I am astonished at the brass neck of shadow Ministers in criticising our readiness, when it was their Government who slashed £12 billion from defence in their first term, and continued that trend throughout their sorry record of 14 years, including by slashing spending on counter-drone systems by 70% in their last year in office.

Few MPs will feel the cost to their communities of the chaos and choices made by the Conservative and Liberal Democrat coalition as keenly as I do in Barrow and Furness. The Opposition Benches are filled with those who were responsible for wreaking carnage on the communities I grew up in. The price of the coalition was to delay the nuclear deterrent; the cost to my community was economic devastation, with 10,000 families where the main breadwinner was out of work, 10,000 skilled workers losing their livelihood, and an industry that is struggling to recover to this day.

It takes nuclear welders 15 years to train and achieve the level of experience that we need to build those boats, but the coalition Government threw that away like a spoiled child with a toy, who expects it to be there when they want to come back to it. Critics at the time said that delaying the replacement for Trident would cost the taxpayer more in the long run as it risked losing skills, and increase the costs of repairing existing Vanguard submarines, which would have to last for longer. MPs at the time said that they did not think the delay would happen, because that would be the “maddest” decision to take—and yet they did it. Those critics forgot to mention the impact on our incredible submariners, who are spending over 200 days at sea on Vanguard, as we stretch that capability beyond its limit. Had it not been for the recklessness of the coalition Government, Dreadnought would be in service now.

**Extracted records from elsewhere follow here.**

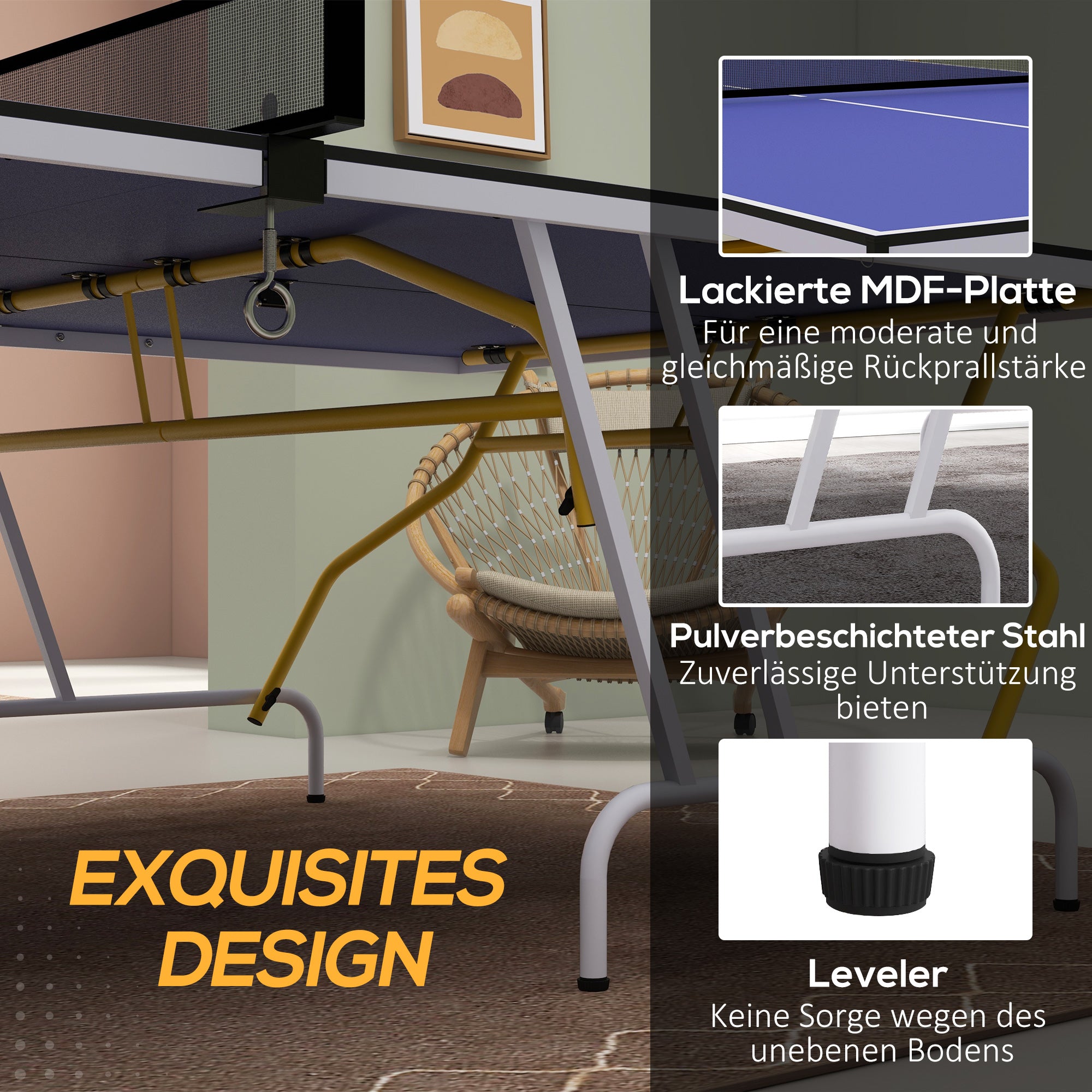 • - Versatile uses: With a sturdy steel frame that supports up to 50 kg and a removable net, this table tennis table can be used not only for table tennis, but also as a dining table for spontaneous snacks or a game table for board games - versatile fun for the whole family
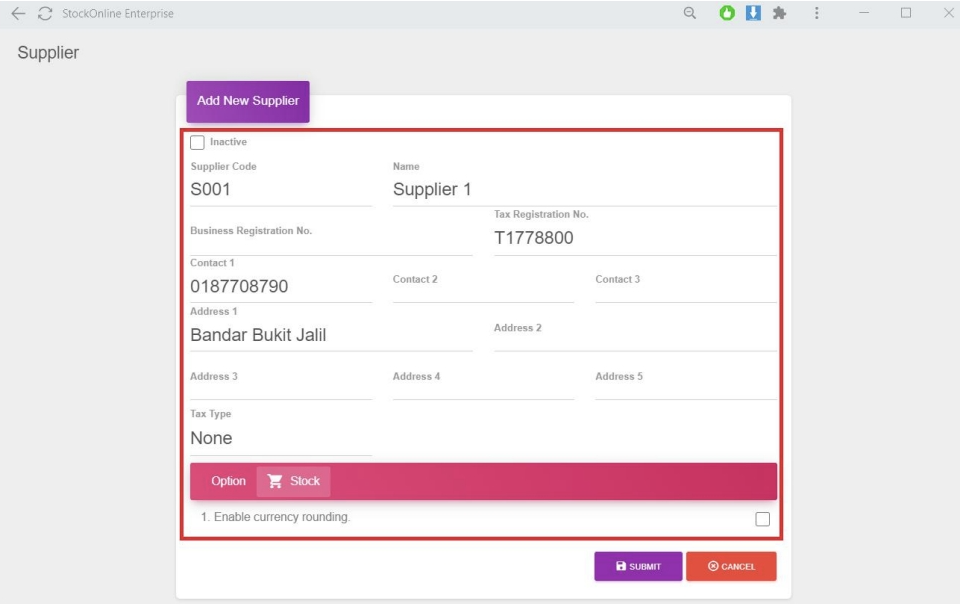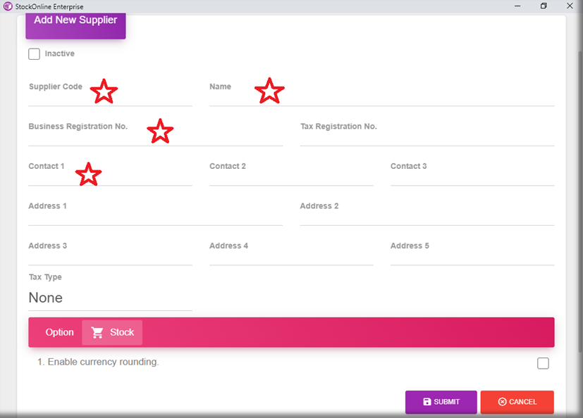 2. Enter relevant fields for New Supplier > Click [SUBMIT]
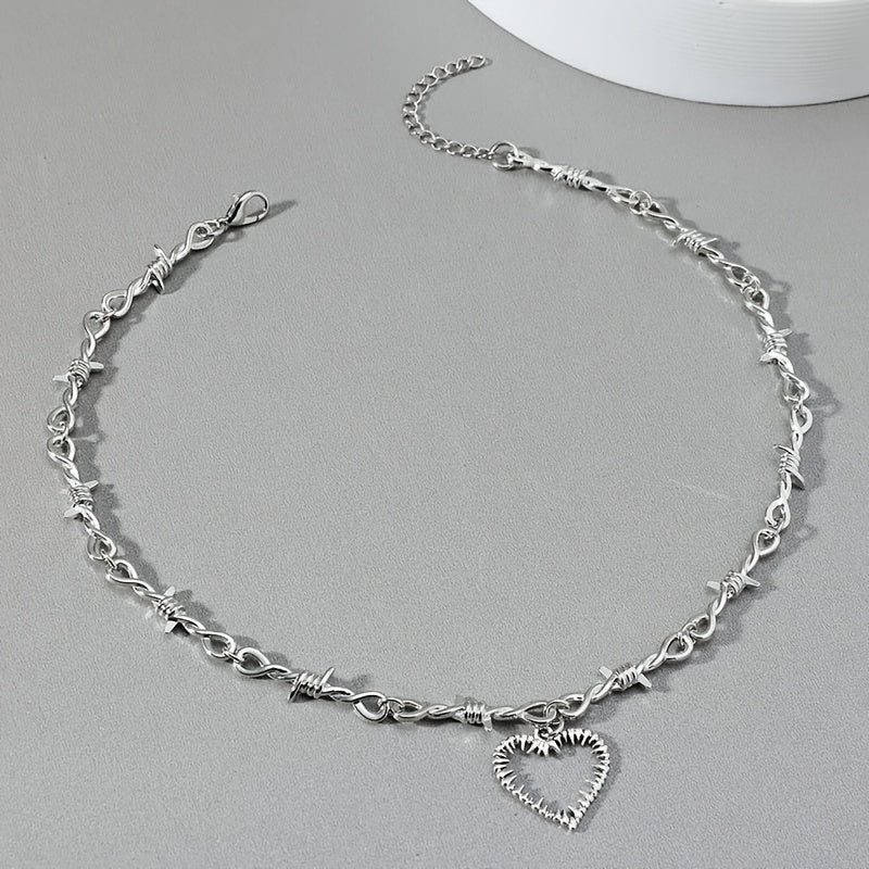This stylish necklace features a padlock pendant on a barbed chain with a heart-shaped accent. Perfect gift for any occasion.
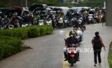 Para pengendara sepeda motor melakukan pelanggaran disiplin lalu lintas dengan menggunakan trotoar sebagai jalurnya untuk menghindari kemacetan lalu lintas, tapi mengambil hak para pejalan kaki.
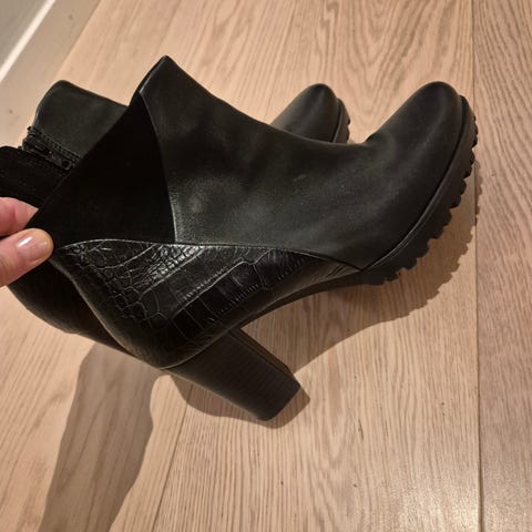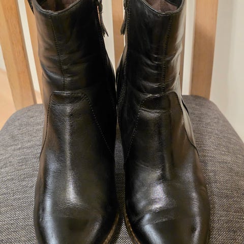 Støvler i svart skinn, størrelse 40. Støvlene har dekorative detaljer bak og spenne med kjede på siden. Nydelig foret med sort mykt skinnn
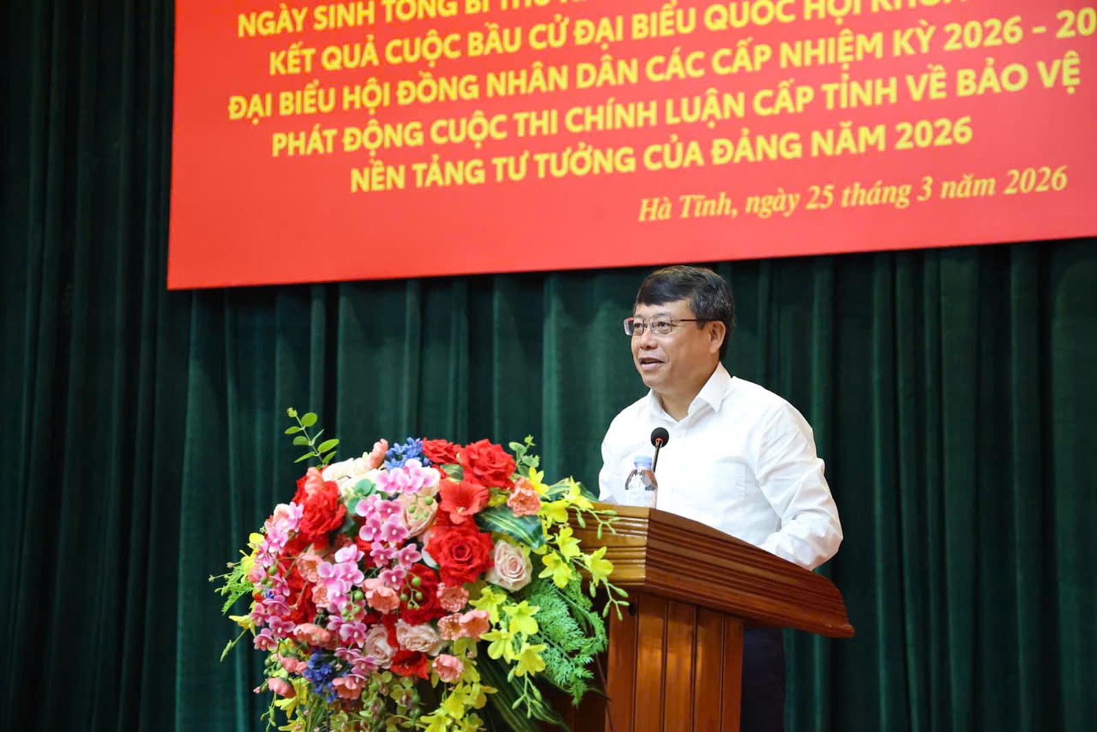 (Thanh tra) - Sáng 25/3, Tỉnh ủy Hà Tĩnh tổ chức Hội nghị Báo cáo viên Tỉnh ủy và họp báo tuyên truyền các hoạt động kỷ niệm 120 năm Ngày sinh Tổng Bí thư Hà Huy Tập (24/4/1906 – 24/4/2026); thông tin kết quả bầu cử đại biểu Quốc hội khóa XVI và đại biểu HĐND các cấp nhiệm kỳ 2026 – 2031; đồng thời phát động Cuộc thi chính luận cấp tỉnh về bảo vệ nền tảng tư tưởng của Đảng năm 2026.
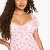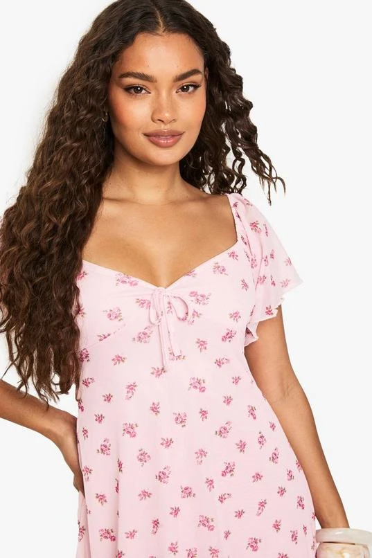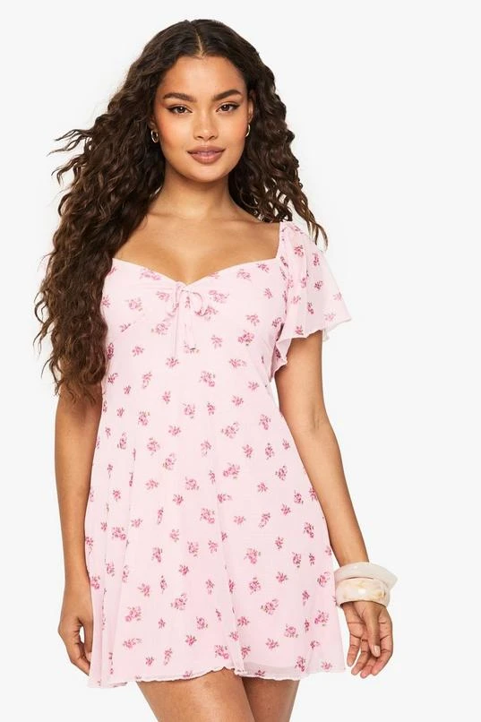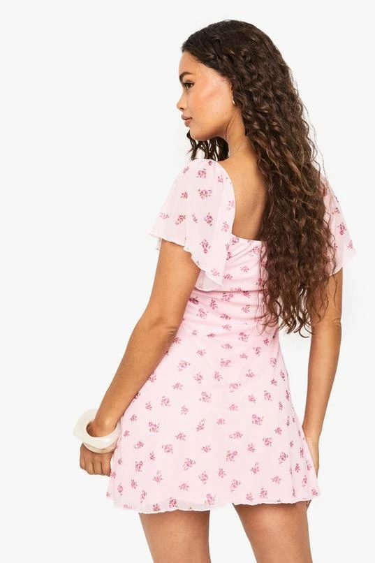 BOOHOO Ditsy Floral Mesh Angel Sleeve Tie Front Mini Dress
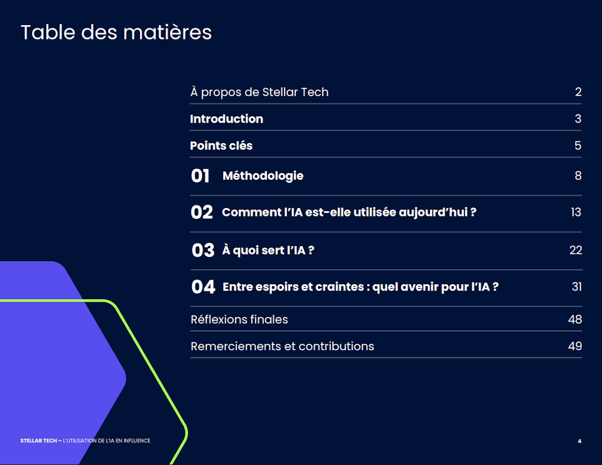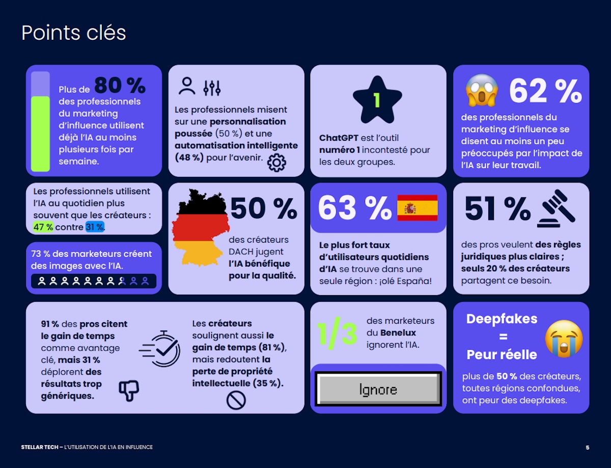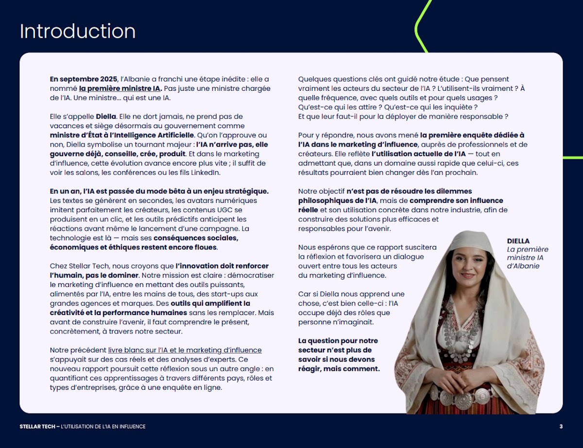 Stellar Tech met en évidence que l’IA est désormais intégrée dans l’idéation, la création de contenus, la gestion de campagnes et l’analyse de performance. L’enquête explore enfin les perceptions éthiques et juridiques associées à son usage, notamment autour de la propriété intellectuelle et de la transparence. À travers ces données, Stellar Tech cherche à documenter l’évolution d’un écosystème en mutation, où l’intelligence artificielle s’impose comme un élément structurant du marketing d’influence contemporain.
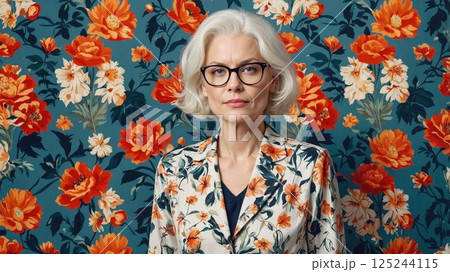 woman in a bold floral outfit, standing confidently against a matching floral background, creating a striking harmony of style and individuality
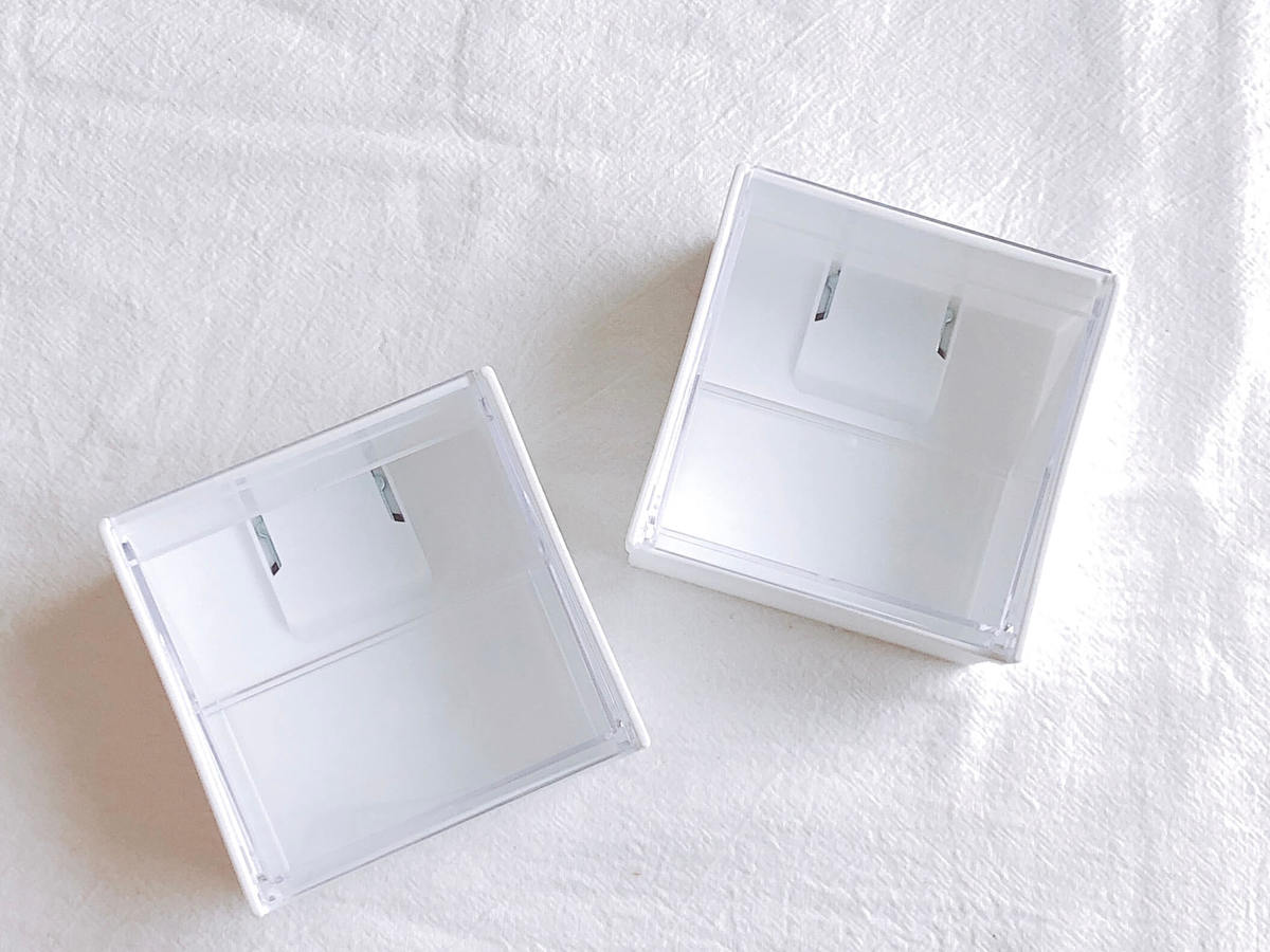 底面にはL型の脚があるので、ボックスどうしを重ねることもできます。

After 14 years of hollowing out our defence capabilities, Conservative Members have the nerve to come here today and attempt to blame this Government—a Government who have increased defence spending to its highest sustainable level since the cold war, and who are investing in our armed forces to give them the largest pay rise in two decades and the homes they deserve in order to turn around the recruitment crisis that we inherited from the Tories. This Labour Government are once again cleaning up the mess left behind by those on the Opposition Benches. We do not get to decide when other countries attack, and we can never predict instability around the world. We can, however, predict that history always repeats itself. We can never take peace for granted, but this Labour Government are delivering on defence where the Conservatives failed.